Doug Ford has wasted little time in his first month as premier of Ontario, leaving the business community to wonder whether a “shock and awe” approach can be sustained for his full term.

The newly minted Progressive Conservative leader has kicked off his tenure at Queen’s Park by moving rapidly on a number of fronts – from carbon taxes to cannabis retail – Toronto city council and more. Every move thus far appears to have been designed to fulfill campaign promises to his supporters while inflicting maximum pain on his opponents.

While former political insiders say the strategy could serve Ford well for now, it could pose a problem for the rookie premier in the future. And in the meantime, his moves have injected uncertainty into the provincial economy.

“[Ford is] demonstrating a certain shock and awe approach, which is a lot of action early on that is going to confound and preoccupy his critics and opponents,” said Peter Donolo, vice chairman of Hill + Knowlton Strategies Canada who previously spent two years advising the former Liberal-led provincial cabinet and served as communications director to Prime Minister Jean Chrétien in the 1990s, in a telephone interview with BNN Bloomberg.

“The old adage is you can’t hit a moving target, so if [Ford] is very active on a bunch of fronts then it is very difficult for his opponents to keep up,” Donolo said.

“A key question for him is going to be whether he was elected as a disruptor or as someone who would impose some, to use a [former Ontario PC Premier Mike] Harris term, ‘common sense’ approach, [because] he is behaving as if he were elected as a disruptor.”



David Tsubouchi, a former member of Ontario’s provincial parliament who served as a minister in the Harris and Eves cabinets, argues the shock and awe approach is a necessary one for Ford.

“If you come in as a small-r reformer then you need to be continually doing change,” Tsubouchi told BNN Bloomberg via telephone. “I think our failure as a government [under Mike Harris and later Ernie Eves], was that we stopped doing that. Big reforms are harder to do as you get further into your mandate.”

Modern politics being what it is, “you can’t just do your good deeds, you also need to piss off the right people,” Andrew MacDougall, a U.K.-based commentator who previously served as communications director to former Prime Minister Stephen Harper, told BNN Bloomberg via telephone. “There has been quite a confrontational attitude from Ford of, ‘If you don’t like what we’re doing too bad’.”

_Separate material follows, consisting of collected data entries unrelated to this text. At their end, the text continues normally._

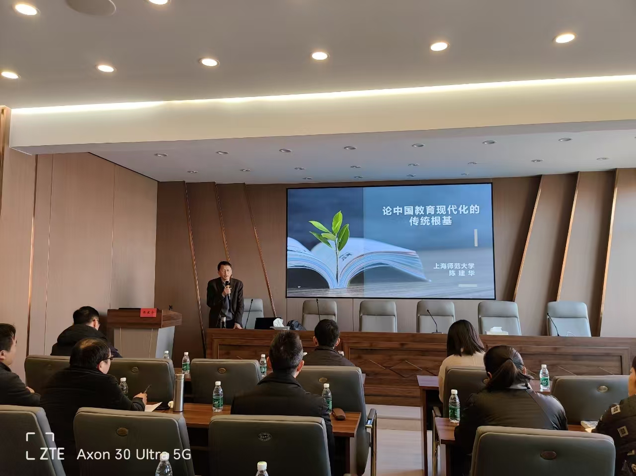 12月20日上午,上海师范大学陈建华教授应邀来校作题为《中国式教育现代化的传统根基研究》讲座。教师教育(体育)学院院长张夫伟主持,学院党政班子领导及学院科研骨干教师参加。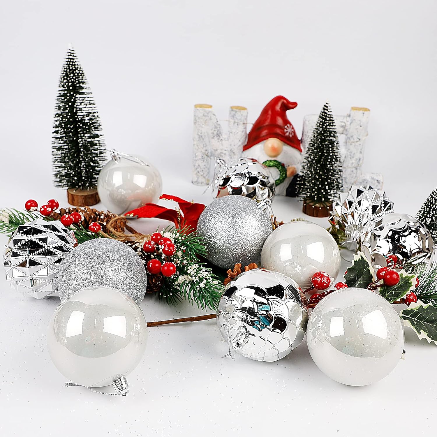 - CHRISTMAS BALLS ASSORTMENT: Sized 3.15" in diameter, Lulu Home silver hanging balls are designed in 4 awesome surfaces – glittered, pineal, polyhedral and unique glass-looking balls. One package includes 20 balls in total, packed in a plastic container.
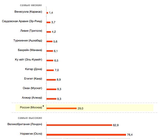 | ой какой бред, че у вас в головах то? цены выросли... угу во всем мире дешевеют а у нас выросли, Путин ночами бегает нолики на ценниках пририсовывает... угу мне лично заплатили, канеш, лучший способ спора, убедить что оппонент лично заинтересован =) в каких странах ниже то? в сауди арабии? катаре? сравни население и потребление нефти на душу...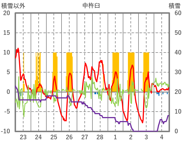 | 日 | 時 | 気温 | 降水 | 風向/風速 | 日照 | 積雪 | 降雪 |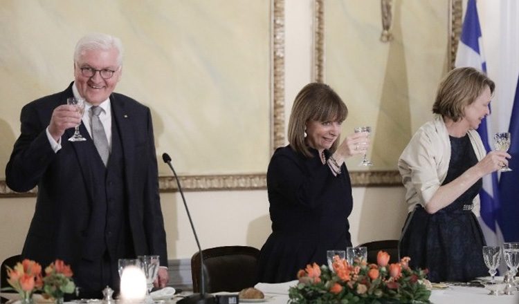 Ο Πρόεδρος της Γερμανίας Φράνκ-Βάλτερ Σταϊνμάιερ ξεκίνησε την αντιφώνησή του, με Οδυσσέα Ελύτη, υπενθυμίζοντας τα λόγια του Έλληνα ποιητή κατά την απονομή του Νόμπελ Λογοτεχνίας το 1979, όταν είχε δηλώσει «Το μόνο κεφάλαιο στα χέρια μου μερικές λέξεις ελληνικές. Είναι ταπεινές αλλά ζωντανές, αφού βρίσκονται στα χείλη ενός ολόκληρου λαού. Είναι ηλικίας τριών χιλιάδων χρόνων αλλά δροσερές σαν μόλις να τις ανέσυρες από την θάλασσα (…) Είναι η λέξη ουρανός, είναι η λέξη θάλασσα, είναι η λέξη ήλιος και είναι και η λέξη ελευθερία.».
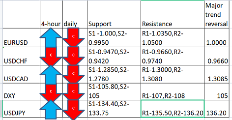 Major pair levels and bias summary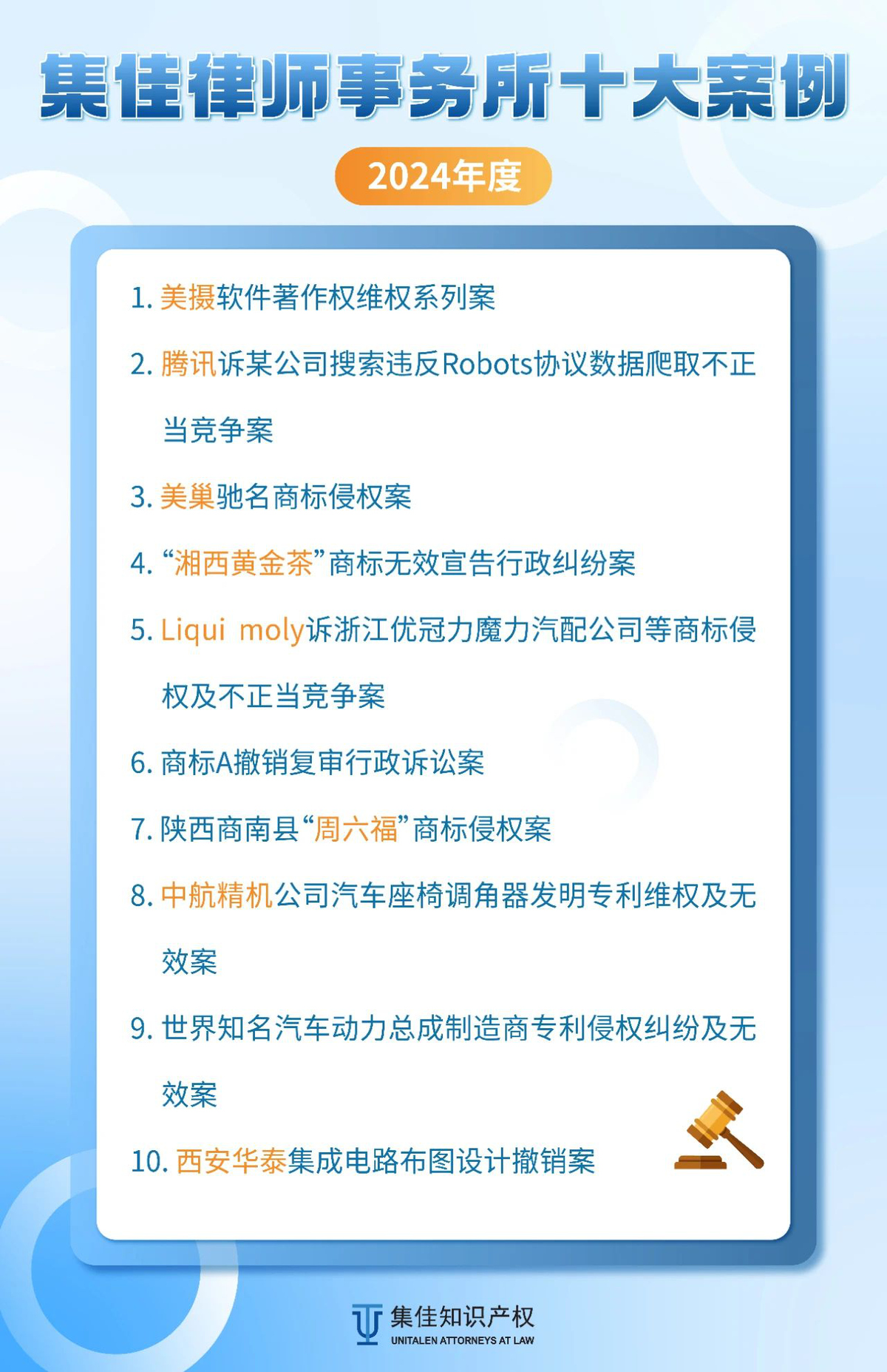 在世界知識產(chǎn)權(quán)日來臨之際,集佳律所從代理的眾多知識產(chǎn)權(quán)案件中篩選出2024年度具有代表性的十大案例,與各界同仁分享。這些案例具有較強的法律適用的典型意義和較大的社會影響,充分體現(xiàn)了國家知識產(chǎn)權(quán)保護的良好水平,體現(xiàn)了訴訟代理團隊的專業(yè)水準,同時也為與之類似案件提供了可資借鑒的維權(quán)范本。以下為2024年度北京市集佳律師事務(wù)所十大案例名錄: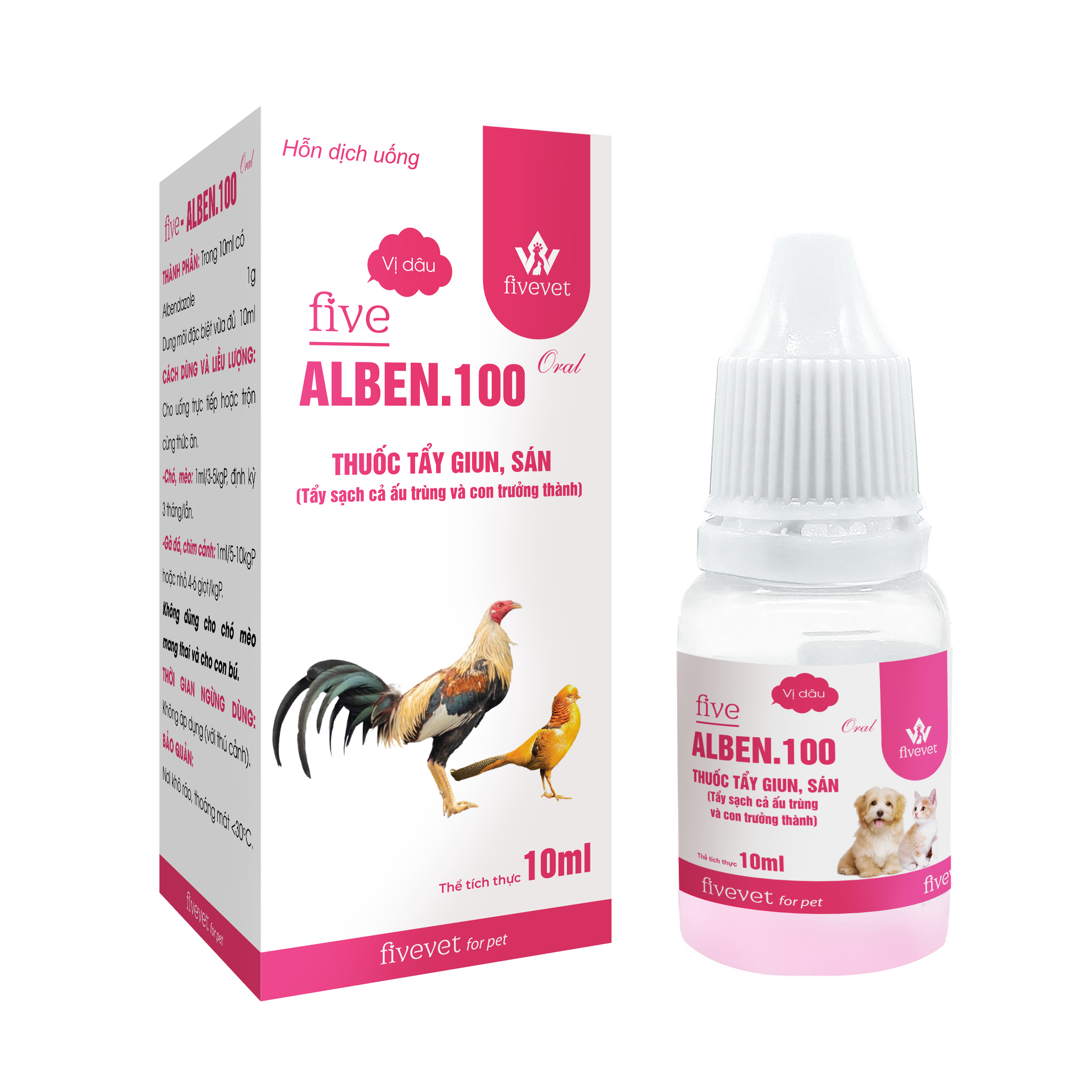Tẩy sạch các loại giun, sán như: Giun đũa chó (sán giãi), giun kim, giun móc, giun tóc, giun lươn, giun tròn ký sinh tiết niệu, giun phổi chó, giun nốt ở khí quản và phế quản chó, các loại sán như sán hạt dưa, sán dây, sán lá, sán lá phổi, trùng roi ký sinh đường ruột Giardia spp ở chó, mèo, gà đá, chim cảnh.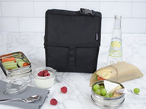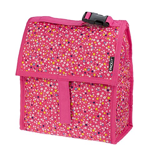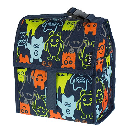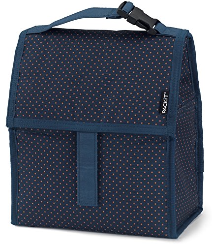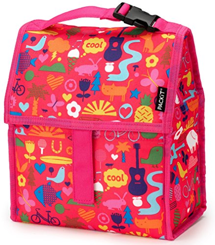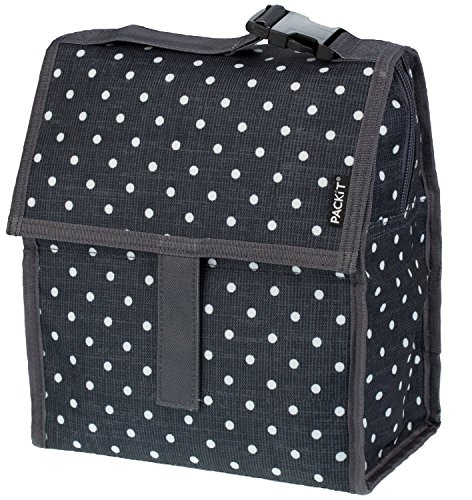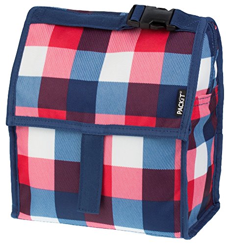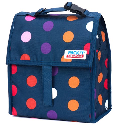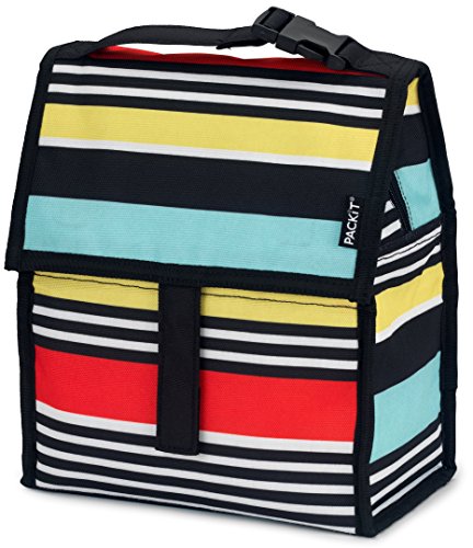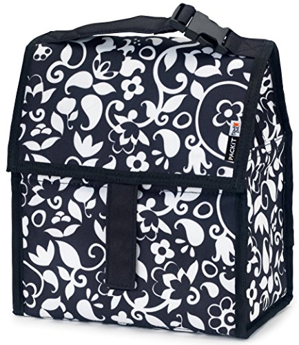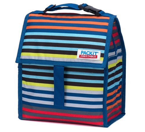PackIt is the first freezable lunch bag that keeps anything you pack cooler, longer. Each PackIt has a patented freezable gel built permanently into its lining and the entire bag freezes to keep contents cool. The gel-lined walls chill a meal and 12 ounce (340ml) drink for up to 10 hours. (Depending on external temperatures). While other bags merely insulate, a frozen PackIt actually creates cold, eliminating the need for melting ice or bulky gel packs. PackIt keeps food cooler five times longer than other coolers which allows you to pack healthy foods such as: yogurt, milk, fruits and veggies. Uneaten food comes home still fresh and goes back into the refrigerator for the next day, which reduces waste and saves you money. Fold the PackIt Freezable Lunch bag flat and store it in the freezer overnight (12 hours) to freeze completely for maximum performance during use. The new zip closure locks in cold, dry air and a buckle handle easily clip onto totes, backpacks or strollers. PackIt products are made from food-safe, nontoxic poly canvas and are PVC, BPA, phthalate and lead free. Simple Care: interior wipes clean, spot clean exterior. Not machine or dishwasher safe. PackIt's Freezable Lunch Bag measures 10 Inch tall, 8 Inch wide and 5 Inch deep while open. When folded, it measures 8 Inch wide, 5 Inch deep and 2 Inch tall for easy storage in the freezer.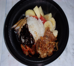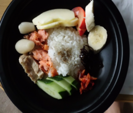 母は、お弁当容器に入っている食材の一部を、少しずつ残して、取って置き
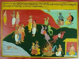 | Description / विवरण | Miniature painting based on Mahabharat - Adi parva. It depicts Vashishth and Parashar doing yagna, and demon come down in fire and they burnt. |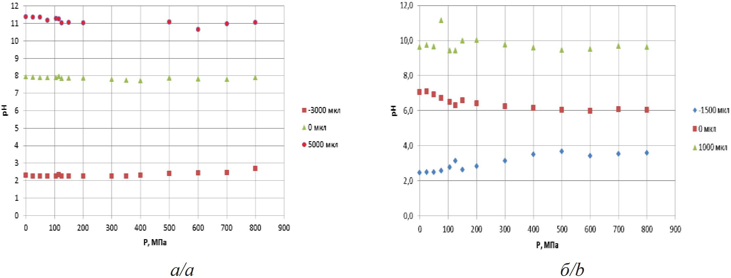 По данным значений рН в зависимости от объема титранта для каждого давления Р=0–800 МПа строились кривые титрования суспензий в программе SigmaPlot и определяли значение ТНЗ.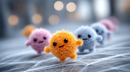 In a charming setting, vibrant fuzzy creatures of various colors joyfully explore their surroundings, showcasing soft textures and a playful atmosphere. The gentle lighting adds to the enchantment.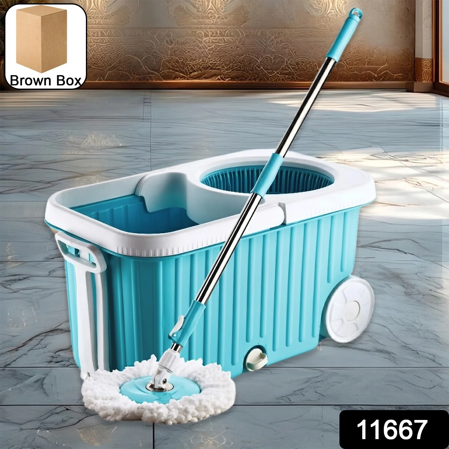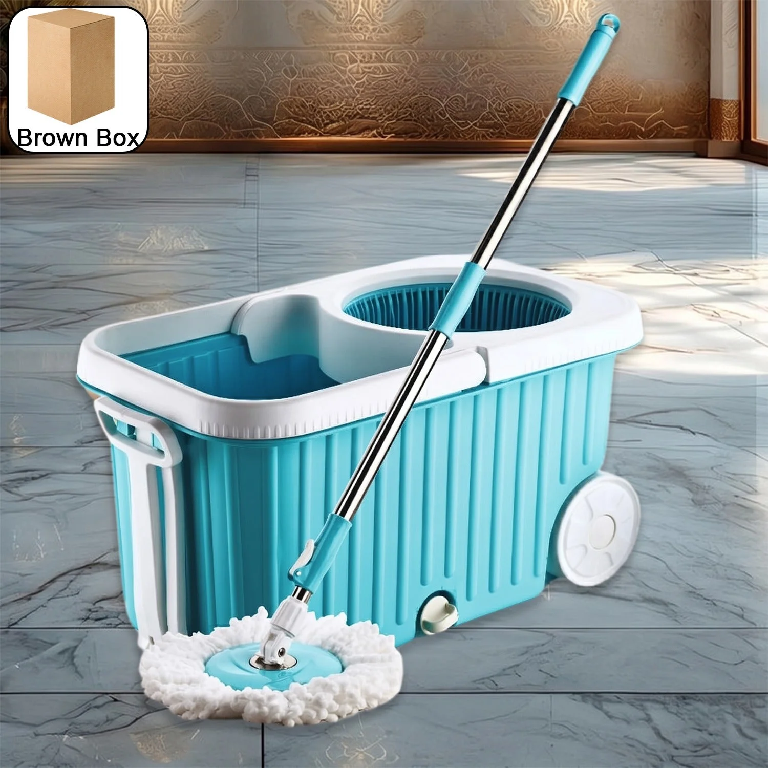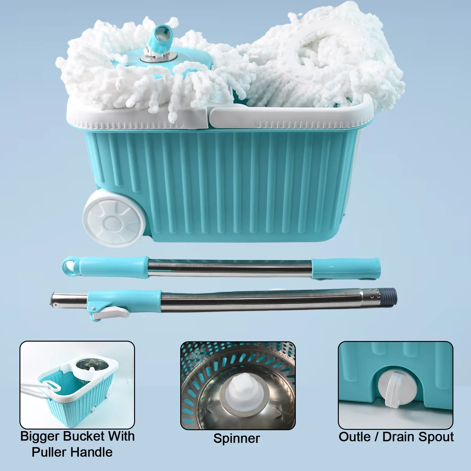 The bucket is built with large capacity compartments, smooth-rolling wheels, a steel wringer, and a convenient water outlet drain spout for quick disposal of dirty water. Whether you're cleaning tiles, marble, wooden floors, or laminate surfaces, this system is engineered to give your floors a sparkling clean finish in minutes.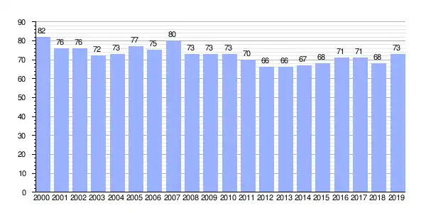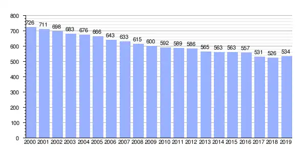 Gráfica de evolución demográfica de Cores (lugar) entre 2000 y 2019 |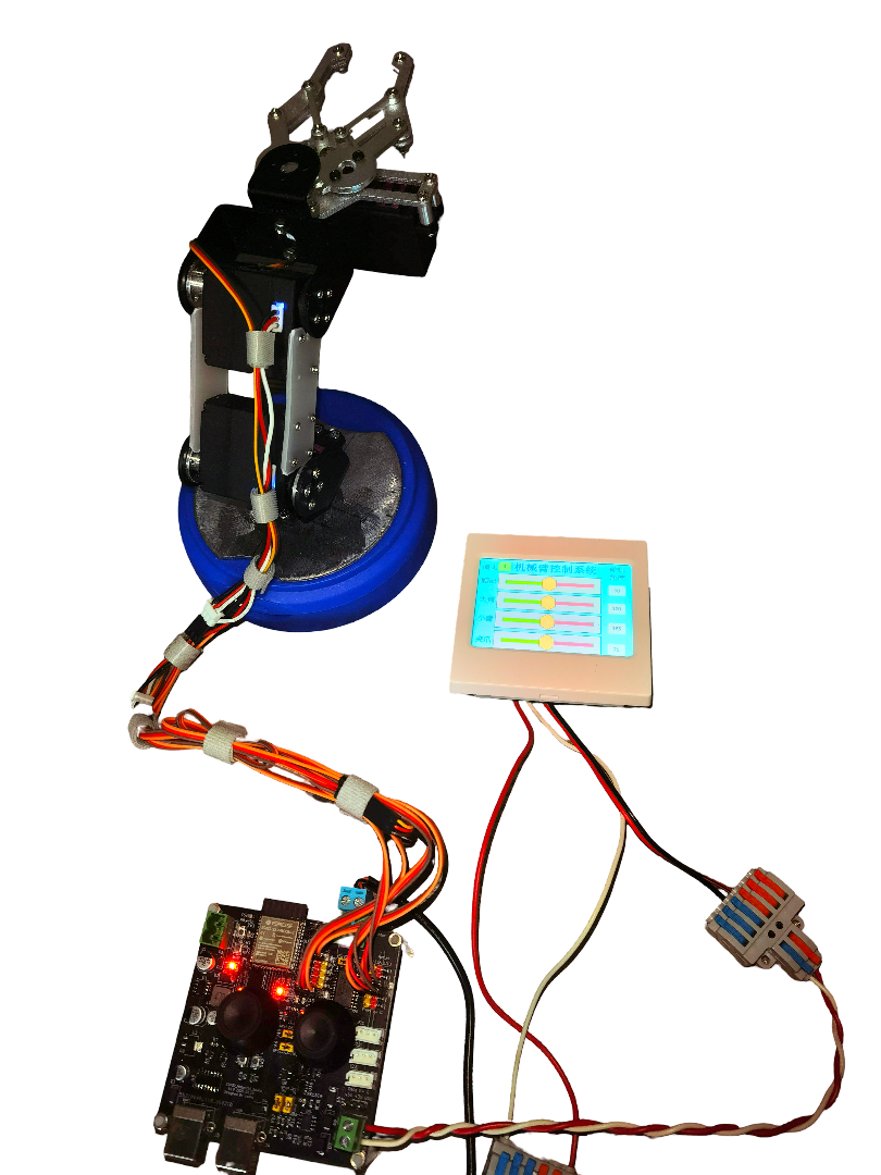为测试控制板功能,本人动手制作了一款4自由度机械臂,机械臂含有3个旋转关节和1个夹爪,命名为“小黑机械臂”。可通过操作控制板手柄或触摸屏485通讯接口控制各关节动作,实现手动或自动控制功能。

“This all works well for him, the chaos,” MacDougall said, “It allows [Ford] to say of course there is chaos because everything was terrible and now everything has to change.”

The strategy has thus far been successful at keeping his base energized and his opponents antagonized, but it has also left critical areas of the Ontario economy hanging in the balance. Ford’s plan to privatize the sale of recreational cannabis in the province – which has been widely reported but not yet confirmed by the Premier – has injected uncertainty into a sector expected to generate more than one billion dollars in annual sales in Ontario alone with barely nine weeks left before legalization takes effect in mid-October.

“It is virtually impossible to get retail outlets up and running in that timeframe unless you’re using existing retail,” Scott Addison, president of brokerage for commercial real estate firm Colliers Canada, told BNN Bloomberg via telephone. “It is a tight, tight timeframe [and] it is going to cause further delay because I don’t think anybody is going to want to commit to a long-term lease or any term of lease without knowing what the rules and regulations are going to be.”

Despite the uncertainty, Canopy Growth CEO Bruce Linton told BNN Bloomberg last week that his company could open over 100 recreational cannabis stores in Ontario ahead of the Oct.17 legalization date.

Ousting the leadership team at provincial power distributor Hydro One provides another example of economic collateral damage from the Ford doctrine. Despite being among his more specific campaign promises, getting rid of CEO Mayo Schmidt and the utility’s board of directors has cut the value of Hydro One shares by more than six per cent over the past month and increased the risk factors surrounding the company’s $6.7-billion deal to buy Washington state-based utility Avista.

“The move on Hydro One is an example of the tension between a small-c Conservative government and a populist government,” Drew Fagan, a professor at the University of Toronto’s Munk School of Global Affairs and Public Policy and a former assistant deputy minister in the federal and Ontario governments, told BNN Bloomberg via telephone. “What you’re going to see over the months, and possibly over Ford’s entire term, is that tension playing out in various ways.”

If Ford is not careful, Hill + Knowlton’s Donolo warns the new Ontario premier could mistake the short-term success of his “shock and awe” approach as evidence that the strategy will remain effective longer-term.

“Most politicians mostly learn the wrong lessons, and I say this from long experience,” Donolo said. “While it is possible this kind of shock and awe approach might carry the day in the early stages, the problem is the lesson [Ford] will learn is to act brazenly.”

“If that is the case,” Donolo said, “then the next four years are going to get increasingly difficult for him.”